For centrifugal pumps, energy consumption varies with the cube of the pump speed, so even a modest speed reduction of, say, 10% results in energy savings of almost 27%. This can represent a significant energy cost reduction when the motor is large. In general, larger motors tend to yield large monetary savings, even though the percentage energy savings may appear small. Therefore, you should concentrate on pumps with large motors before addressing equipment with small motors.
In addition, address new installations before existing installations to eliminate not only the costs associated with installing the control valve, but also the costs associated with removing it later. Note that the cost of installation for many VSD systems is often lower than that of a control valve system—even before energy savings are considered—because the cost associated with the control valve (plus manifold) and the motor starter are eliminated. This is not necessarily true for large motors, where the cost of a VSD is high relative to a control valve installation.
Figure 4. Throttling increases hydraulic friction and moves the system curve to the left to maintain flow Q2 at pressure P2.
These energy savings alone are often not sufficient to justify a VSD installation. The real savings come from taking the implementation to the next level. One such application involved an air compressor, where reducing the compressor speed stopped the compressor from unloading, so it was always generating compressed air. Replacing the air compressor starter with a VSD had a simple payback (installed cost/savings) of approximately 2.7 years. Expanding the project to include process changes increased the project cost by 25%, but energy cost savings increased fourfold, and the simple payback was reduced to approximately 0.8 years!

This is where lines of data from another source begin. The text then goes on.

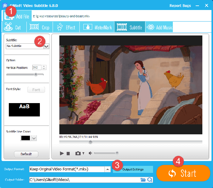 4. Wenn Sie alle Vorgänge abgeschlossen haben, klicken Sie auf die Schaltfläche Start, um Untertitel zu Ihrem Video hinzuzufügen.
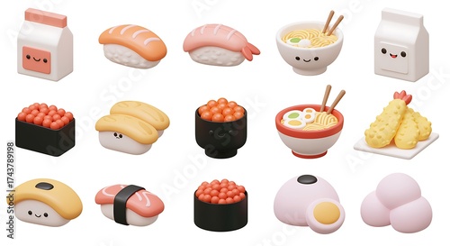 sushi, cute, food, illustration, isometric, cartoon, japanese food, ramen, drink, snack, dessert, set, collection, design, graphic, vector, digital artwork, adorable, playful, whimsical, epicure, tempting, delicious, appetising, stylised
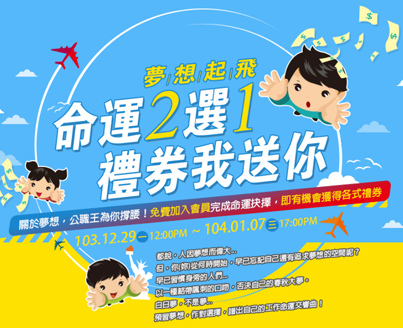 即日起至2015/1/7(三)17:00前完成簡單的命運抉擇,
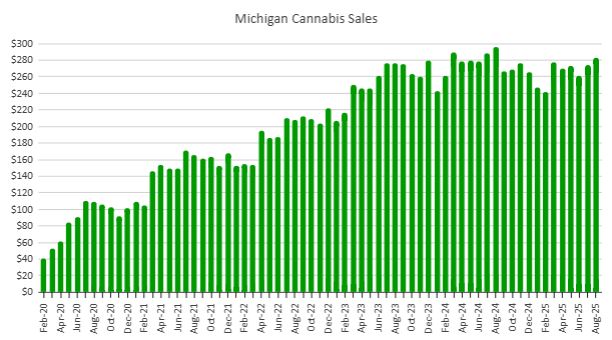 Michigan cannabis sales for August fell from a year ago as they rose sequentially by 3.2%, which was the same on a per-day basis. At $283.3 million, sales were down 4.1% from a year earlier:
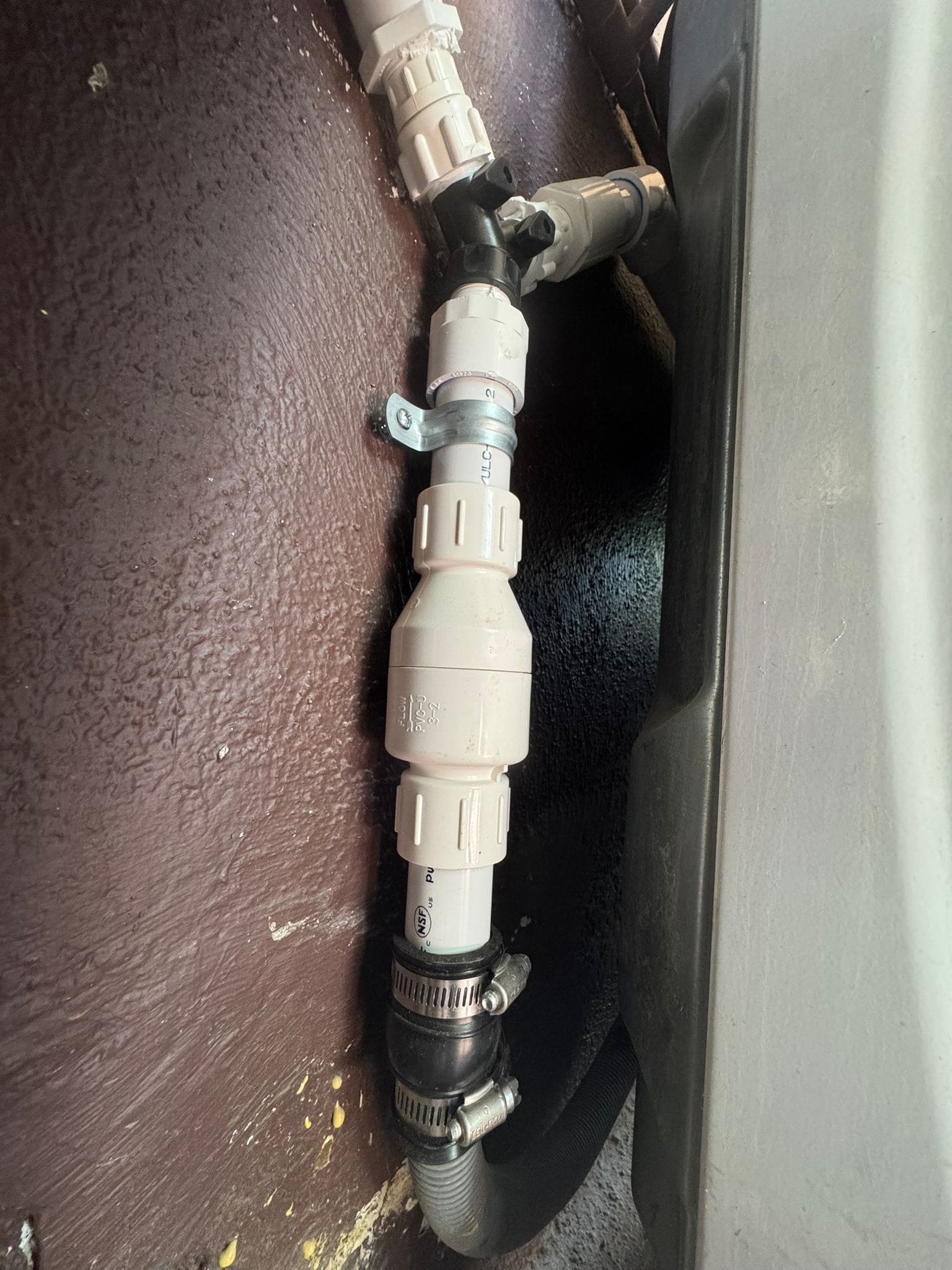 Once I had all the parts, I used the rubber coupling to connect the wash drain into a short 1" PVC pipe. That pipe was then connected to a 1" check valve that prevented water from flowing back into the washer. That valve was then connected to another short 1" PVC pipe. The 1" PVC to garden hose male adapter was added after (the black plastic part in the photo). From here and on both sides of the Y adapter, I used PVC connectors to go from garden hose thread back into a 1" PVC line. Lastly, I used the PVC clamps to ensure that the whole structure was stable and in place.
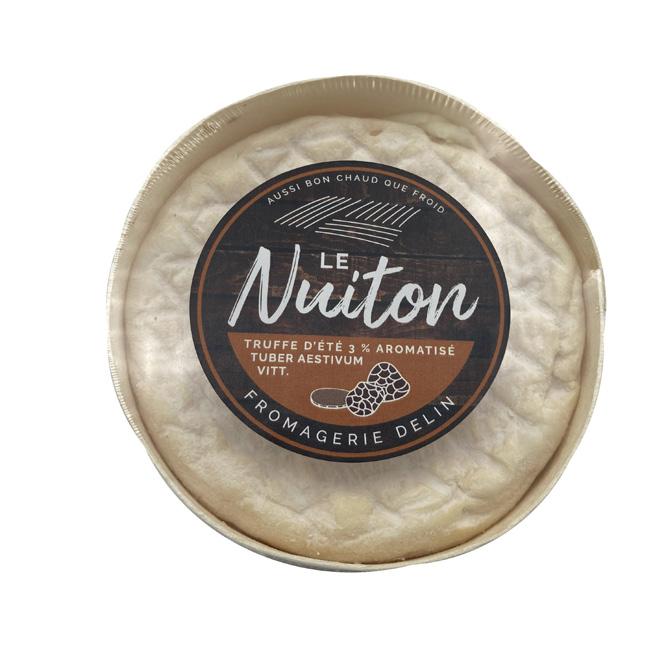 Fromage à pâte molle truffée, à la texture crémeuse et souple, à la saveur douce et à la croûte fine.
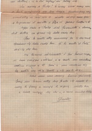 dx: Trobaso, 2.7.43. / Felice adorato. / Sono le 9 ½ del mattino: ho lasciato le faccende / domestiche e rivolgo il mio pensiero a colui che è tutta / la mia vita. Oggi è una brutta giornata, tutta grigia / e senza sole. Si vede (sic) appena le prime montagne (plurale?) perché / c’è una fitta (una parola canc.) neb<b>iolina: ma in cambio si sta / così bene perché è molto fresco. Sento negli alberi il gaio / cinguettare degli uccelli: loro sono felici per/ché cantano: come vorrei poter comprendere il loro / linguag<g>io e sapere cosa cantano: forse canzone (?) d’amore / come cantiamo noi. Forse saranno delle piccole messa/g<e>rie (?) che portano le novità di lontano: quello che / hanno visto e sentito sotto l’altro cielo? Forse / avranno visto anche il mio Felice, e mi portano il / suo canto d’amore? Comme (sic) vorrei essere anch’io / un uccellino per poter seguirti ovunque. / oltre il cinguett<i>o degli uccelli sento (una lettera canc.) quell’ / insopportabile ragazzo della Bicci (?) che strilla / dalla mat<t>ina alla sera: sembra che qualcuno lo / voglia stritolare, per gridare così. Ti assicuro che / qualche volta i miei nervi sono al termine della / mia pazienza, e ho (in sovral.) una voglia folle di prenderlo / a schiaffi. (una sillaba abbr., vista, non decifrata) non c’è niente di romantico nel /1v/ suo strillare; se ho dei ragazzi così, povera me! / Sei ancora a Mestre? Ho (sic), come vorrei essere con / te, farti compagnia nei tuoi viaggi: qualunque cosa / accadrebbe (sic), io sarei con te, mentre invece sono qui / a logorarmi il cervello a forza di pensare troppo a te. / Oggi vado a Intra dal Moscardelli, e domani / dal dottore: oso sperare che tutto vada bene. / Iieri (sic) ho scritto alla mamma per le tue carte: / speriamo che tutto vada bene; gli (sic) ha scritto il Peter: / dice che sta bene. / Ora termino inviandoti i più fervidi auguri / di buon viaggio e ritorno; e se senti un uccellino / cantare vicino a te pensi: “è un uccellino che / ha sentito cosa dice Josette, e che me lo dice”. / Ciao mio caro amore; buona giornata: / pensa un baccio (sic) alla tua Josette che tanto ti / ama, ti pensa e sempre ti sogna. Mille baci / e tante carezze da chi è e sarà sempre tua. / Josette (sottol.).
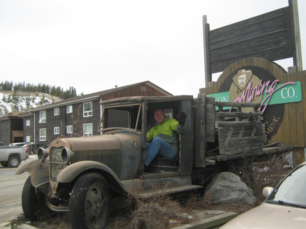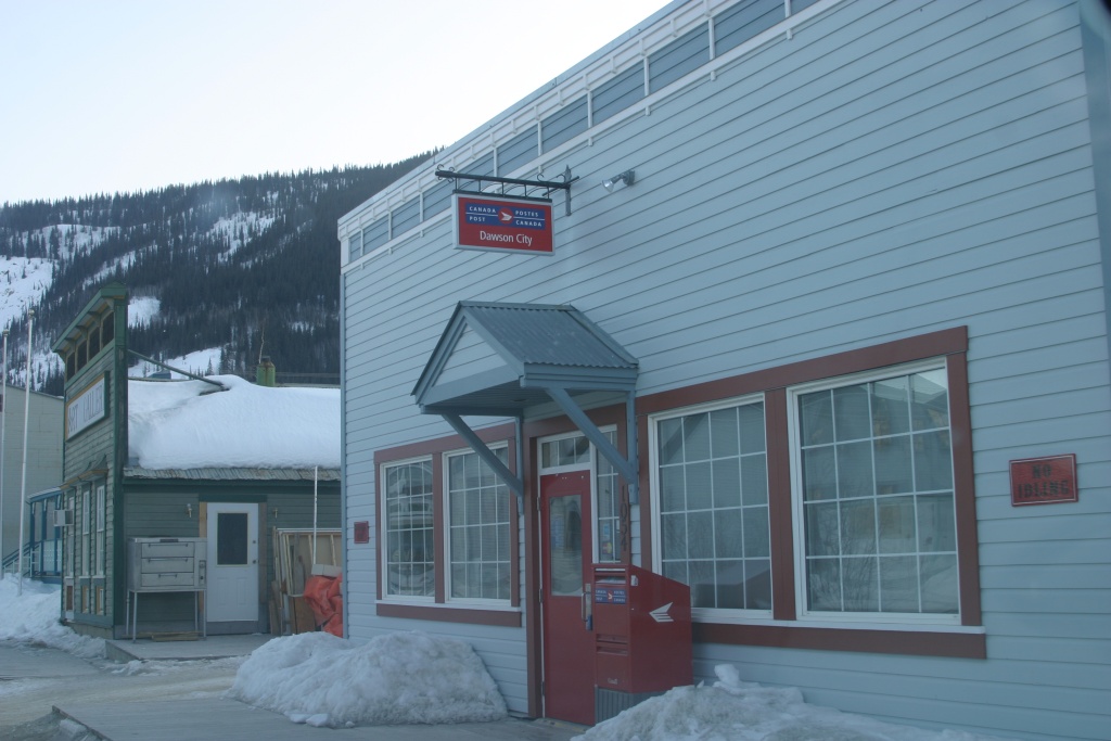 We woke up in the Aurora Inn in Dawson City to temperatures of -26C. After some coffee, yogurt and berries we headed out. Julie notes “Not that I’m complaining BUT someone ate the last of the yogurt. I’ll let you guess who.” I tried airing up the dually but at those temperatures I was freezing my fingers before getting much air in the inside dually. Julie notes “He kept mumbling through frozen lips something about needing an extender on his valve. My brother suggested via email it could be a shrinkage issue due to cold. It all sounded too personal so I ignored him, even when he was wrangling the retractable air hose, fiddling with freezing extenders and very noisily (and rather annoyingly I might add) pounding on the side of the truck for me to turn off the engine Why do I always have to do everything? And did I mention I didn’t even get any yogurt for breakfast!” We headed out for Whitehorse the way we were air/tire wise. But first we stopped by the post office so Julie could mail a couple of items.
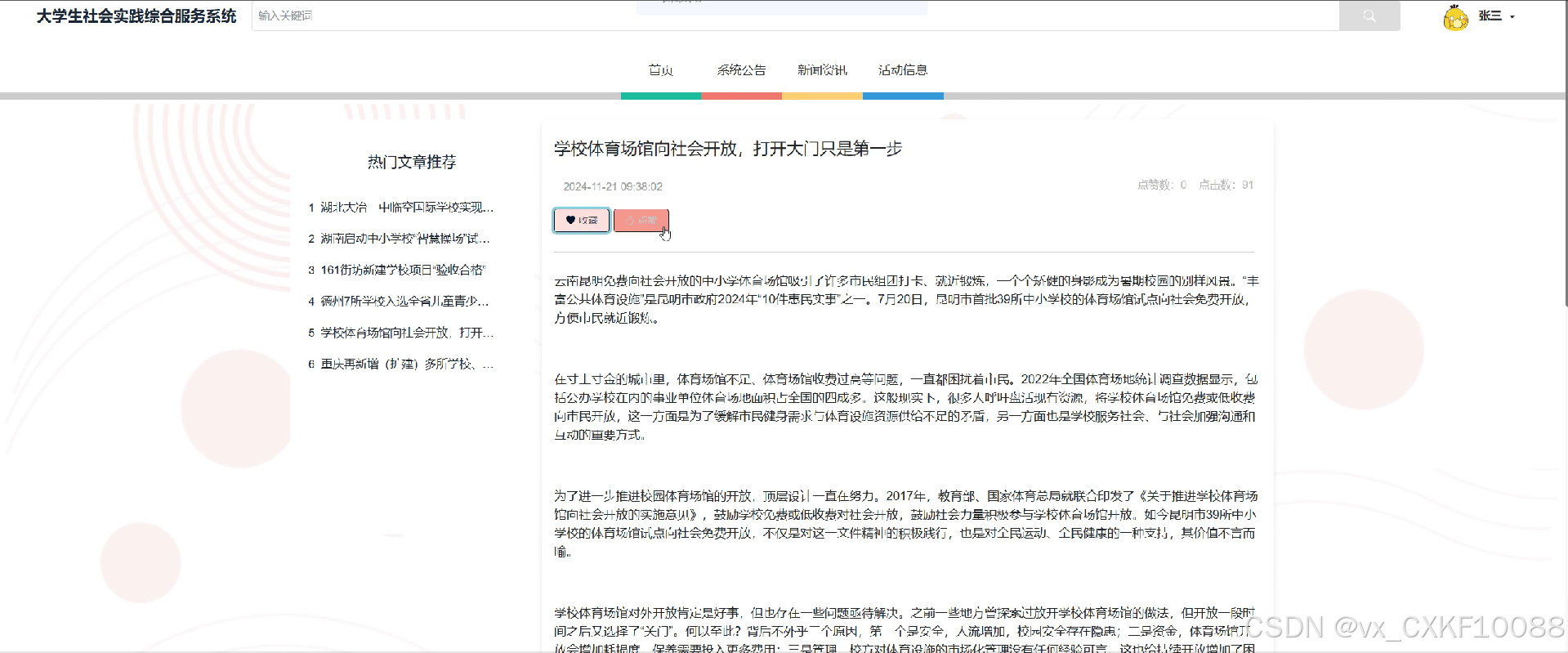 - 新闻资讯:普通用户可查看管理员发布的所有新闻资讯信息,支持搜索文章,可点击查看详情,可点赞、收藏和评论某一新闻资讯。

This illustrates that replacing a starter with VSD technology can generate energy savings, but making process changes at the same time is a better investment that can save much larger amounts of energy. This is not possible in most applications, so you should first focus on applications where process changes are possible.
Figure 5. Because it runs close to the system curve, a VSD cuts the need for excess hydraulic energy and saves electricity.
Justifying the air compressor installation involved electrical, mechanical, chemical, combustion, utility, energy and other calculations in the context of plant operation. Aside from technical interactions between plant personnel representing various disciplines, it also involved detailed discussions with the compressor manufacturer regarding mechanical and heat-transfer issues inherent to the equipment itself.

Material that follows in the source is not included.